*Task item*. Only the lines from the top of the records below through the line containing "This Artfight attack" should be printed, exactly and without pictures.

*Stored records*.
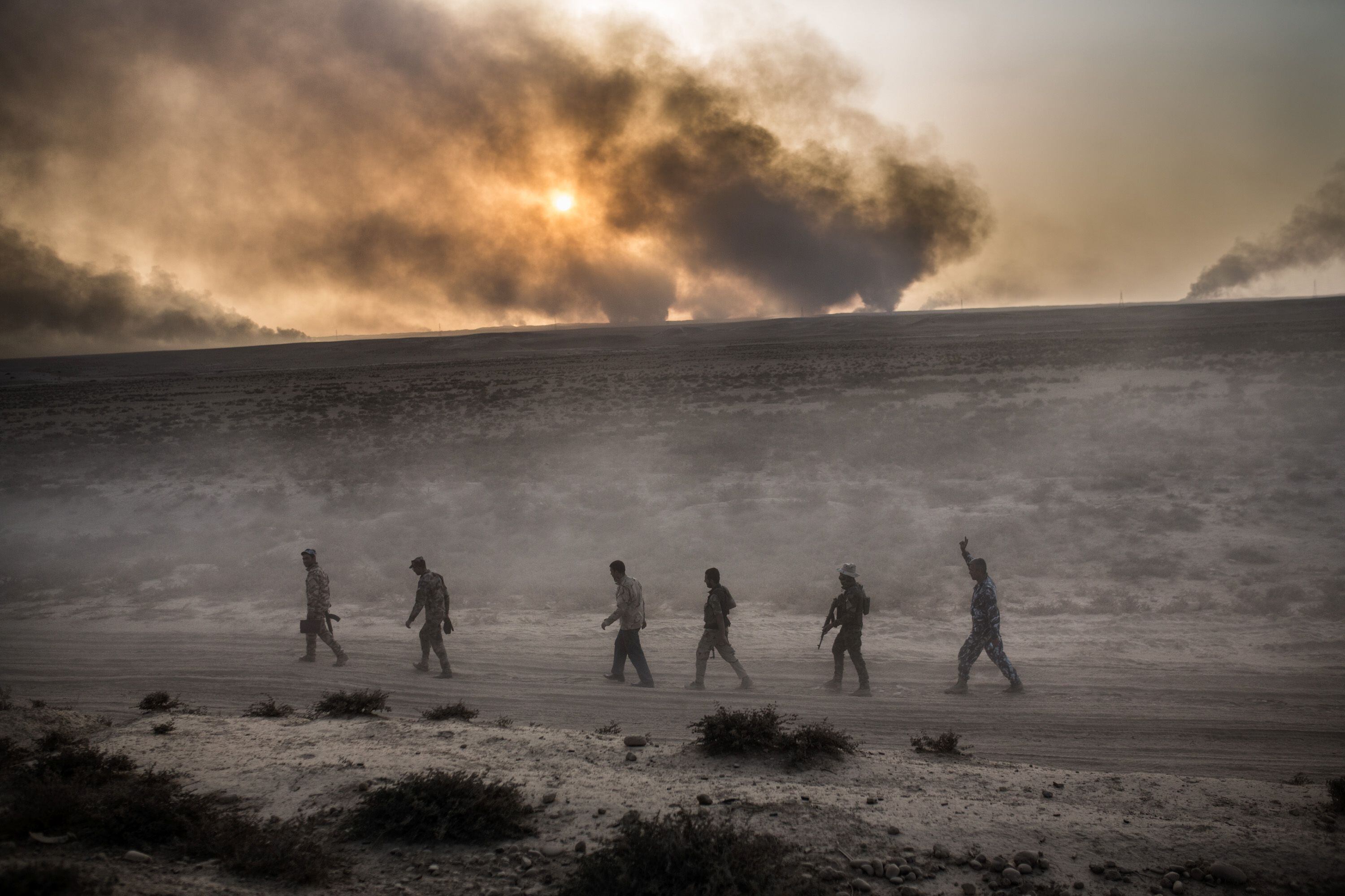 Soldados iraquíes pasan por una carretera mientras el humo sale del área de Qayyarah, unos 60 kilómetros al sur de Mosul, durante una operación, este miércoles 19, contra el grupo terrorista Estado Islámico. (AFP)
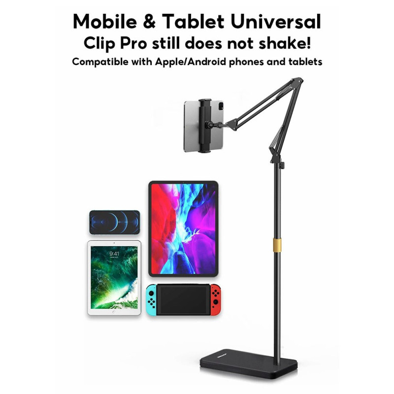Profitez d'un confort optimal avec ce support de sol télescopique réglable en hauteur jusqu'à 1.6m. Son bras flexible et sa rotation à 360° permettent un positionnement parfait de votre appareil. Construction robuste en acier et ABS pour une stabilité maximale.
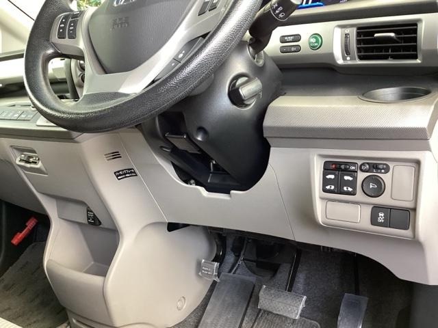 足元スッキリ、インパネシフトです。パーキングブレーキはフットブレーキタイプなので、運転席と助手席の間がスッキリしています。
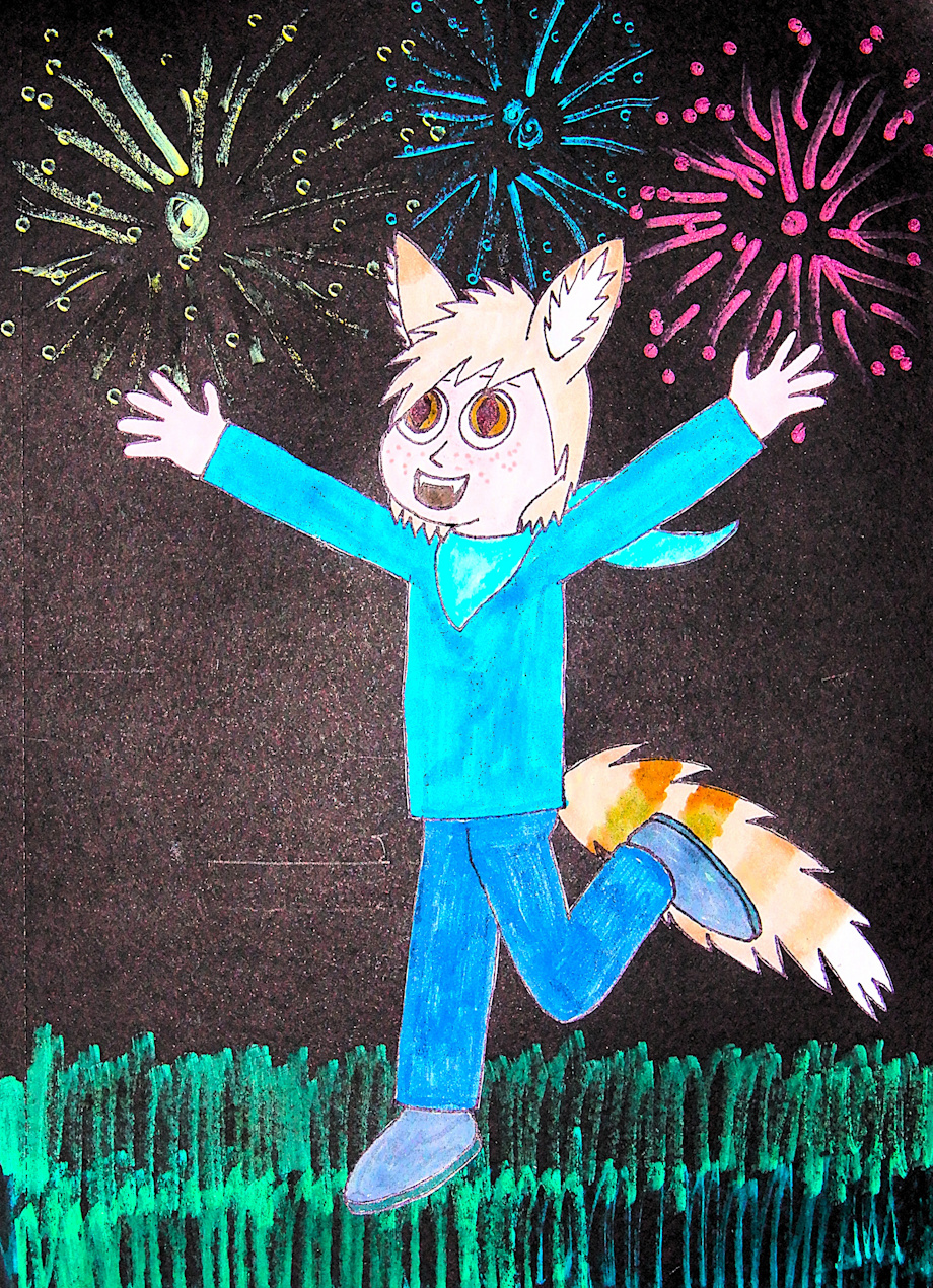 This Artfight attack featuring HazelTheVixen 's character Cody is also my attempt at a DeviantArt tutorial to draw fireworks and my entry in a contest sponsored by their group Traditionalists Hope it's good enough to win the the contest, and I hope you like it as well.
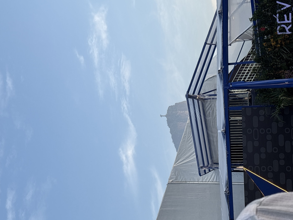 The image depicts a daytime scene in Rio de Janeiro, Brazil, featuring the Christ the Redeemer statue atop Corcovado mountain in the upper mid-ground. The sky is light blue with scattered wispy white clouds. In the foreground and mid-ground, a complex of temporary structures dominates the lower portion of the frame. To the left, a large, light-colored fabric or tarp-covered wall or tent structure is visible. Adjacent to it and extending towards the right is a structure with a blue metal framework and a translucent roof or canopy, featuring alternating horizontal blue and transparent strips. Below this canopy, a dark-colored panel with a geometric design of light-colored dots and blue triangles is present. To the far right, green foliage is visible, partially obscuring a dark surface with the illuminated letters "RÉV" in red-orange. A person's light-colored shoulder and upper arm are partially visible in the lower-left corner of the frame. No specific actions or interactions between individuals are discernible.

*Reply*.
 Soldados iraquíes pasan por una carretera mientras el humo sale del área de Qayyarah, unos 60 kilómetros al sur de Mosul, durante una operación, este miércoles 19, contra el grupo terrorista Estado Islámico. (AFP)
Profitez d'un confort optimal avec ce support de sol télescopique réglable en hauteur jusqu'à 1.6m. Son bras flexible et sa rotation à 360° permettent un positionnement parfait de votre appareil. Construction robuste en acier et ABS pour une stabilité maximale.
 足元スッキリ、インパネシフトです。パーキングブレーキはフットブレーキタイプなので、運転席と助手席の間がスッキリしています。
 This Artfight attack featuring HazelTheVixen 's character Cody is also my attempt at a DeviantArt tutorial to draw fireworks and my entry in a contest sponsored by their group Traditionalists Hope it's good enough to win the the contest, and I hope you like it as well.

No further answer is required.